:: TASK OBJECTIVE ::
What is needed is an exact copy of the lines in the entries below from the one holding "衣都精品- 新款小眾設計感清新甜美純色休閒褶皺上衣" through the one holding "Then it came", pictures excluded.

(EXERCISE INPUTS begins)

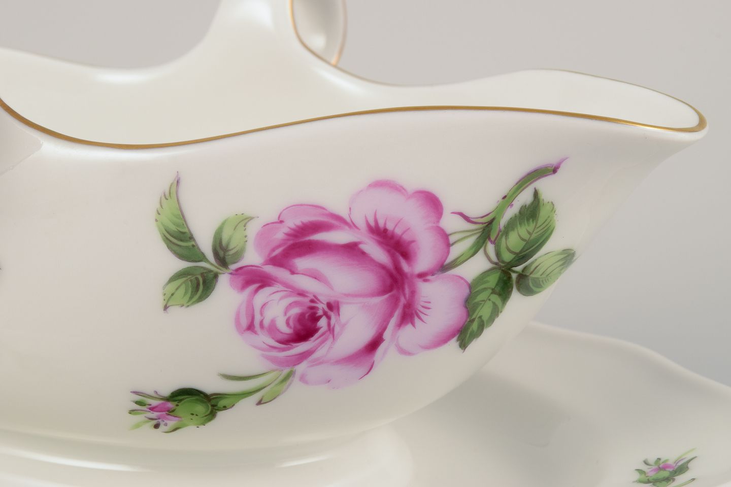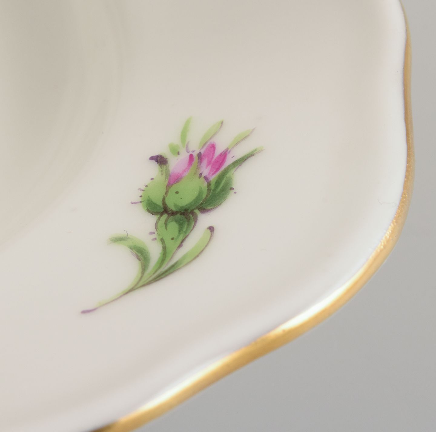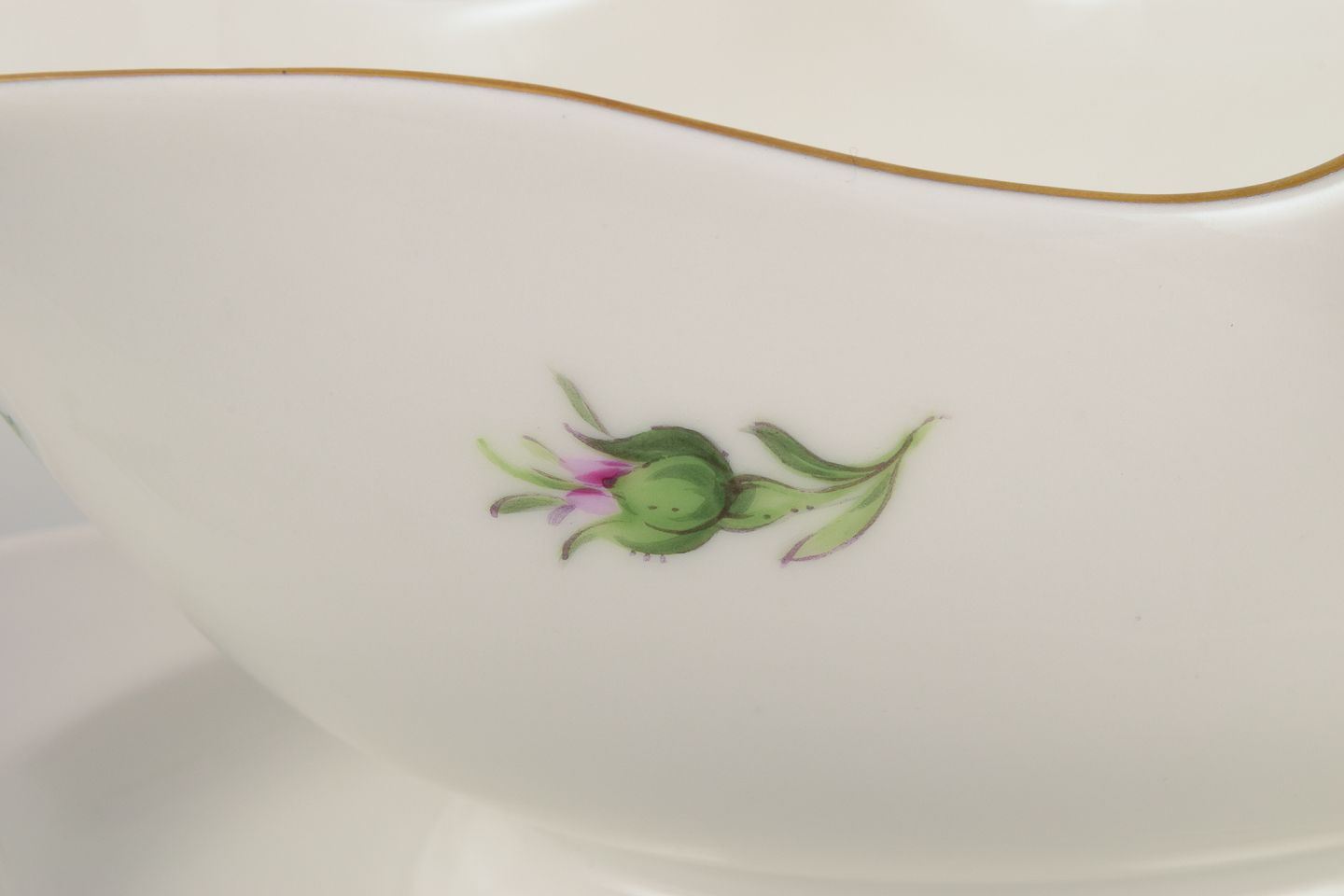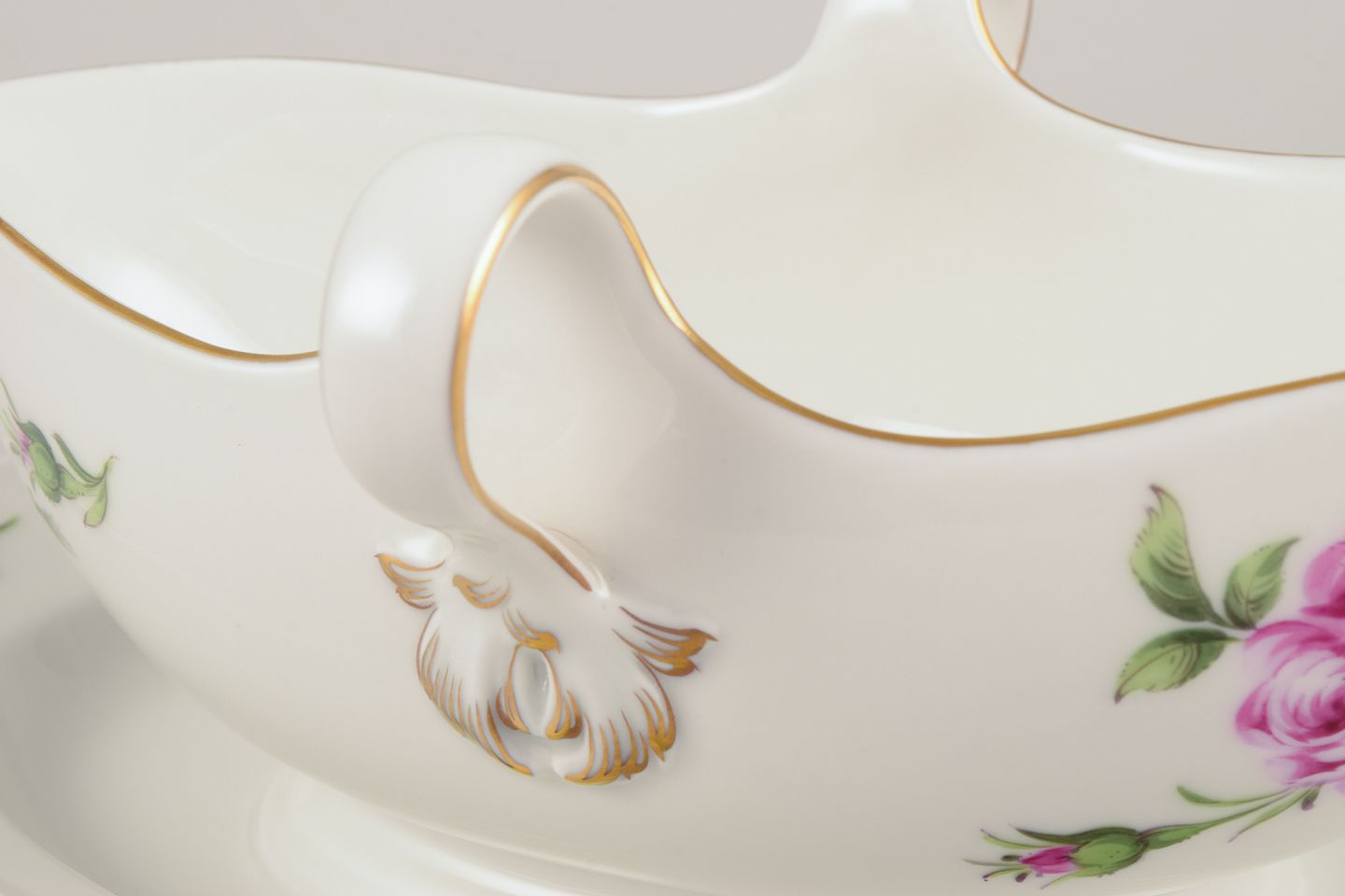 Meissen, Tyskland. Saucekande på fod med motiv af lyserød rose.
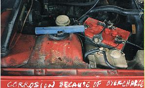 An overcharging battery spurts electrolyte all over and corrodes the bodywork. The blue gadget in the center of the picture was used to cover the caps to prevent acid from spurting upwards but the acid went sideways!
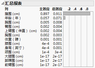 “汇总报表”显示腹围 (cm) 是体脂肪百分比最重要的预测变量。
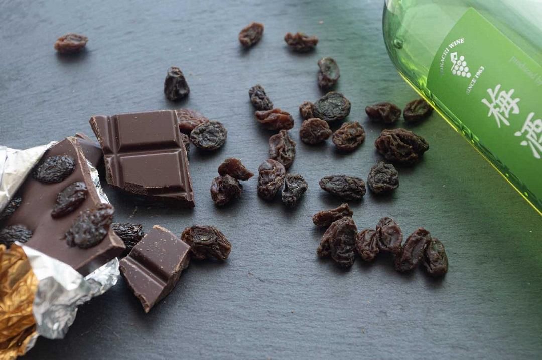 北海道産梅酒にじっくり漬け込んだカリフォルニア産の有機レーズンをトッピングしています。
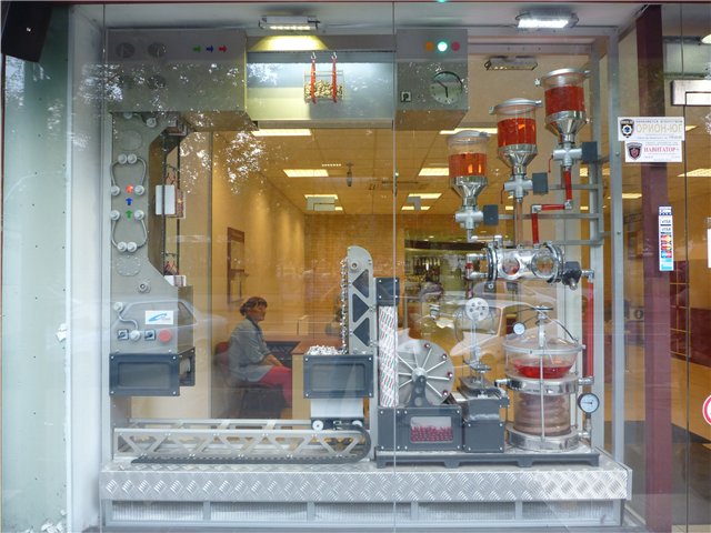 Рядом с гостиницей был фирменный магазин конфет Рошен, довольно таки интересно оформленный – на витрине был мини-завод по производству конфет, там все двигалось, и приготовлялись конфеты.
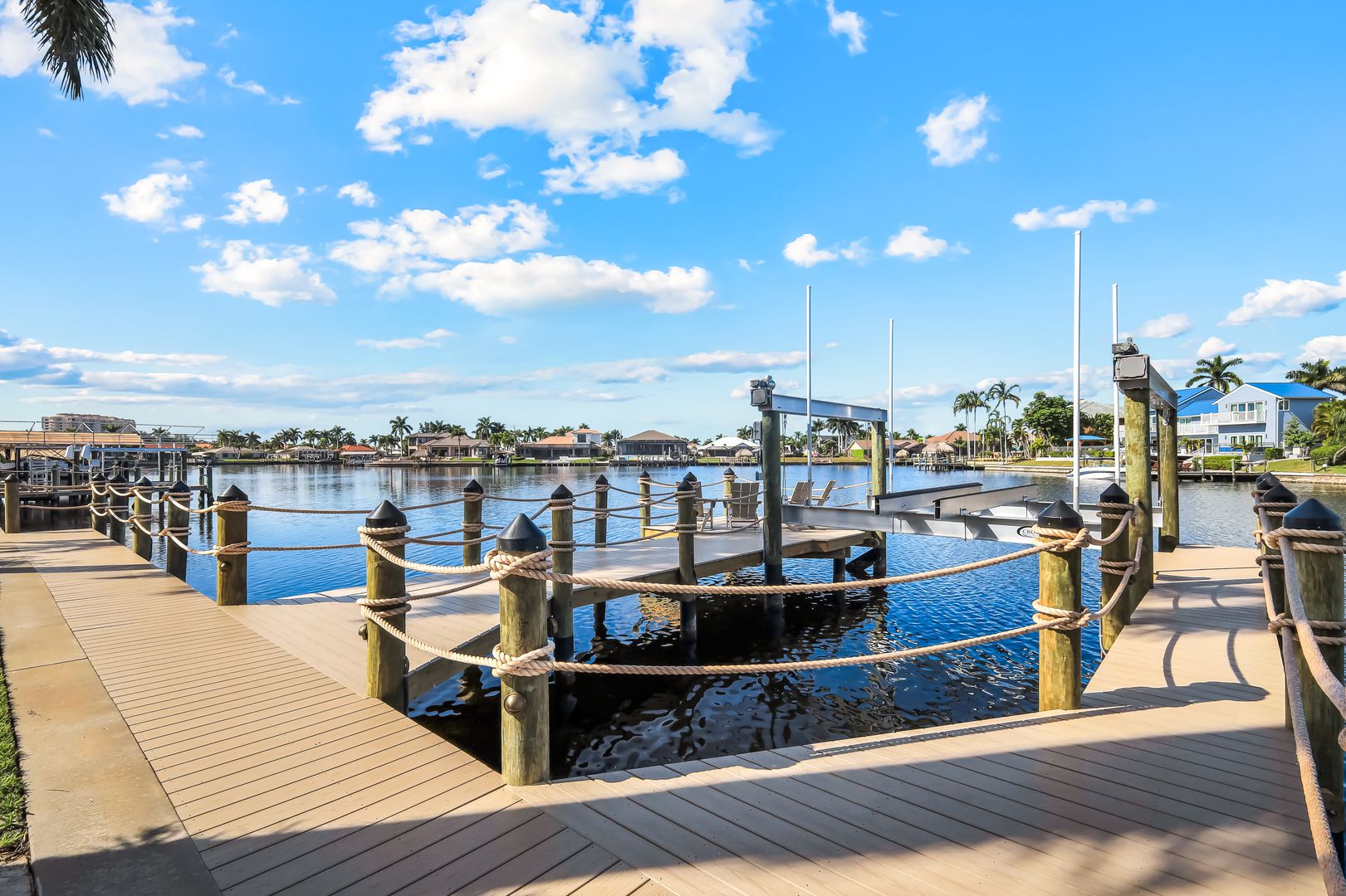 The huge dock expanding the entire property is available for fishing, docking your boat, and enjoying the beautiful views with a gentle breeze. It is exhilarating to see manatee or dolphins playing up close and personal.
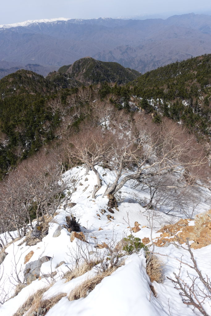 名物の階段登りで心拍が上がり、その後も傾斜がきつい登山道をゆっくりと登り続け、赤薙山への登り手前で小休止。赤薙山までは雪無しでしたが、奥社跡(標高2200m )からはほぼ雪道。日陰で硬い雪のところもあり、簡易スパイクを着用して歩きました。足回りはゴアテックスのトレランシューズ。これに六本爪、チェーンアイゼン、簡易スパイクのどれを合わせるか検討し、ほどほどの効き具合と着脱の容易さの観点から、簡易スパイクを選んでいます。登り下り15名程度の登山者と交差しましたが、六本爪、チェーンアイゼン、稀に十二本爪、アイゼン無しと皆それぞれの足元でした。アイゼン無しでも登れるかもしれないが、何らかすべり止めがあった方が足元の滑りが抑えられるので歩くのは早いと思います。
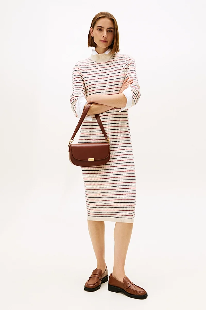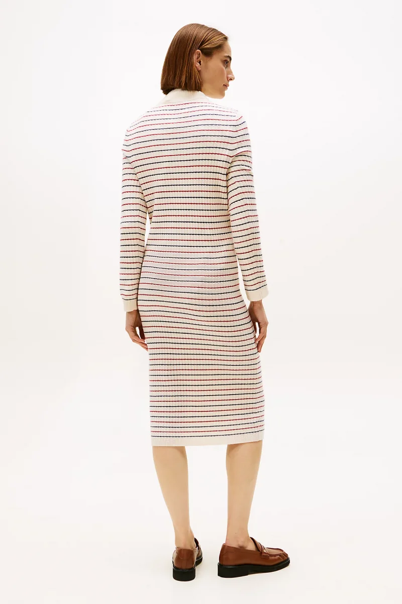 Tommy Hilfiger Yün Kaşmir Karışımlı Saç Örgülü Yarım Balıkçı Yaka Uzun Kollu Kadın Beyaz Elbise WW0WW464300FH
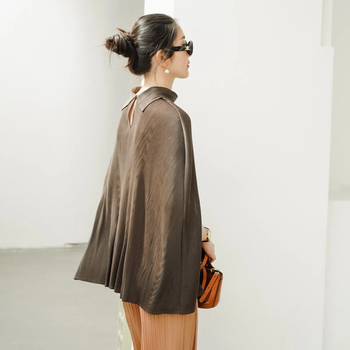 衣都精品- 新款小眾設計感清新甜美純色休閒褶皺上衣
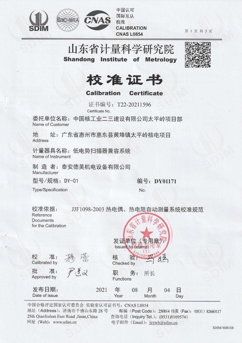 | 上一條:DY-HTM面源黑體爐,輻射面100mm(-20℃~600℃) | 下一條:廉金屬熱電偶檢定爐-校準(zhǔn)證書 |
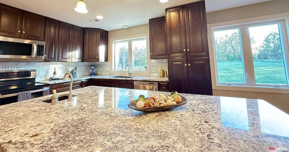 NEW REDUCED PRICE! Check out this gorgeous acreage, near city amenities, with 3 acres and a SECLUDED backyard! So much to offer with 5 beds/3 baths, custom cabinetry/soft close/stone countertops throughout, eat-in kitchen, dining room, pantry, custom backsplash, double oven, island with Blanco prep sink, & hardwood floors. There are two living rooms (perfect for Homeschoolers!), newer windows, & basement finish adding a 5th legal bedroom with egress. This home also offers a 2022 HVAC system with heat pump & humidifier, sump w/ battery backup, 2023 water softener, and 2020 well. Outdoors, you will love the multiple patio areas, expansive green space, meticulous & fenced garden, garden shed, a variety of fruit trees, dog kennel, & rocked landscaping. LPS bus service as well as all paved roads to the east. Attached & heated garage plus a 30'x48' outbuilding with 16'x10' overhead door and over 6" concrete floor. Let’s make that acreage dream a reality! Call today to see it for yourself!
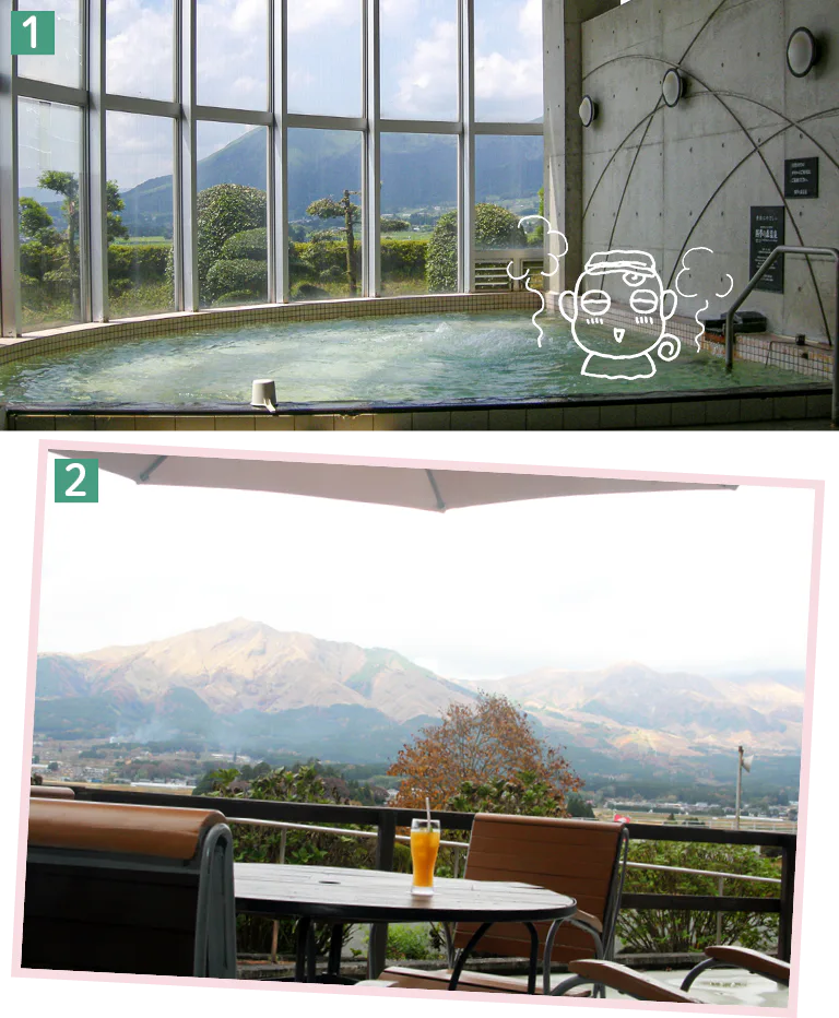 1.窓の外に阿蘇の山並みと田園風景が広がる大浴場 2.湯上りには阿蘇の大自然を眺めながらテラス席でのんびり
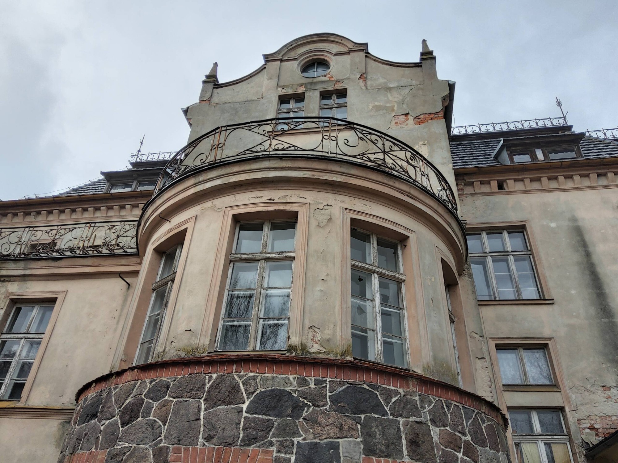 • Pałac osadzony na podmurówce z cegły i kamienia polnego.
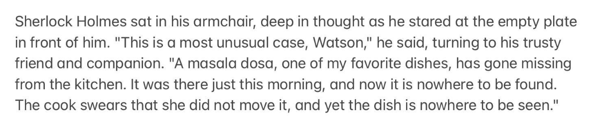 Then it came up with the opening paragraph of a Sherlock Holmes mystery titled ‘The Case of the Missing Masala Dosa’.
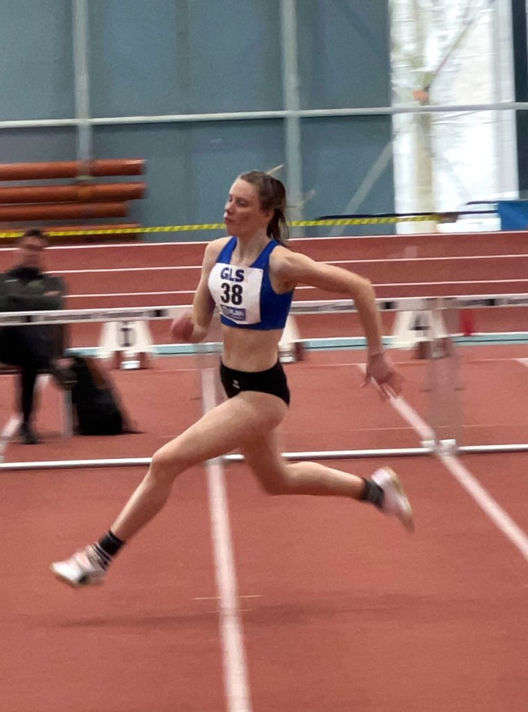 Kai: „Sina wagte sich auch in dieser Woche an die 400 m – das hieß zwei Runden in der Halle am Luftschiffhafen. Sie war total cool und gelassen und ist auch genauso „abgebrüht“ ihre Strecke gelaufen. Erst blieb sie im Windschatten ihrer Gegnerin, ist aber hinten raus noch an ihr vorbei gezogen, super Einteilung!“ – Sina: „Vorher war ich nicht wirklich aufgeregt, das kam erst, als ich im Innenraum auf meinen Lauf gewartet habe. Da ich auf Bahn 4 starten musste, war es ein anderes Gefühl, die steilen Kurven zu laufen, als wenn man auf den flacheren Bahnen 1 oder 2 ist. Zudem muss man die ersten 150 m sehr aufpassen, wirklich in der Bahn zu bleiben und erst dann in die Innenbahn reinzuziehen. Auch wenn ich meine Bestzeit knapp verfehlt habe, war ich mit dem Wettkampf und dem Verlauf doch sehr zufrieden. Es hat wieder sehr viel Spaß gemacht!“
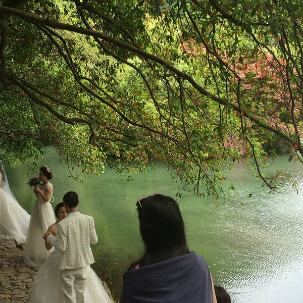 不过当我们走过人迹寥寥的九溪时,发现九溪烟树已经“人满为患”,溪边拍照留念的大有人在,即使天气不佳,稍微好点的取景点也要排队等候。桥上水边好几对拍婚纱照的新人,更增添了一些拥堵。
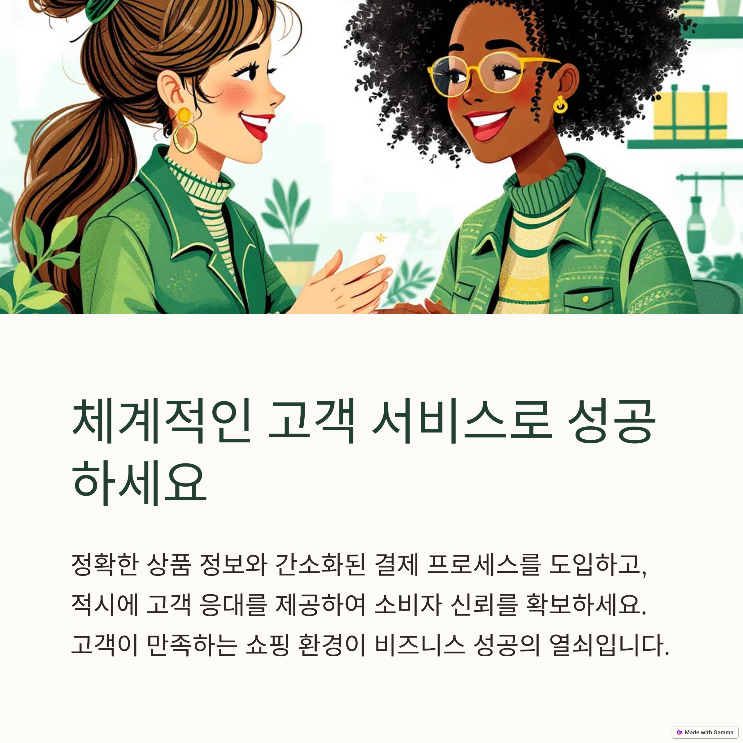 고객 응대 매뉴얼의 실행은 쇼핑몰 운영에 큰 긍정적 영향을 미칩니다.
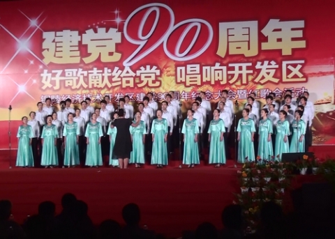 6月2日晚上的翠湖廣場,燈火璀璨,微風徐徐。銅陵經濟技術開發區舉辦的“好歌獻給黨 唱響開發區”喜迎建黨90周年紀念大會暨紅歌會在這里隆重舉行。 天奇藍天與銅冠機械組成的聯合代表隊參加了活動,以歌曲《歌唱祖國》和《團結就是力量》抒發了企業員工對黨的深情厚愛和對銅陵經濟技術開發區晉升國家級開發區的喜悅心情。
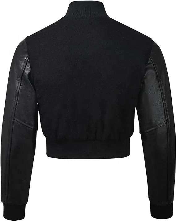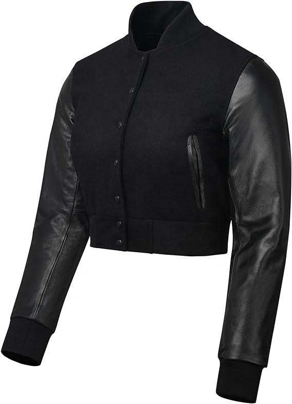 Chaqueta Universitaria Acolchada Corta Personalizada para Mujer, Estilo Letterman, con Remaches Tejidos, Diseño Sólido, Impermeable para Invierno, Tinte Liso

(EXERCISE INPUTS ends)

:: EXERCISE OUTPUT ::
 衣都精品- 新款小眾設計感清新甜美純色休閒褶皺上衣
 | 上一條:DY-HTM面源黑體爐,輻射面100mm(-20℃~600℃) | 下一條:廉金屬熱電偶檢定爐-校準(zhǔn)證書 |
 NEW REDUCED PRICE! Check out this gorgeous acreage, near city amenities, with 3 acres and a SECLUDED backyard! So much to offer with 5 beds/3 baths, custom cabinetry/soft close/stone countertops throughout, eat-in kitchen, dining room, pantry, custom backsplash, double oven, island with Blanco prep sink, & hardwood floors. There are two living rooms (perfect for Homeschoolers!), newer windows, & basement finish adding a 5th legal bedroom with egress. This home also offers a 2022 HVAC system with heat pump & humidifier, sump w/ battery backup, 2023 water softener, and 2020 well. Outdoors, you will love the multiple patio areas, expansive green space, meticulous & fenced garden, garden shed, a variety of fruit trees, dog kennel, & rocked landscaping. LPS bus service as well as all paved roads to the east. Attached & heated garage plus a 30'x48' outbuilding with 16'x10' overhead door and over 6" concrete floor. Let’s make that acreage dream a reality! Call today to see it for yourself!
 1.窓の外に阿蘇の山並みと田園風景が広がる大浴場 2.湯上りには阿蘇の大自然を眺めながらテラス席でのんびり
 • Pałac osadzony na podmurówce z cegły i kamienia polnego.
 Then it came up with the opening paragraph of a Sherlock Holmes mystery titled ‘The Case of the Missing Masala Dosa’.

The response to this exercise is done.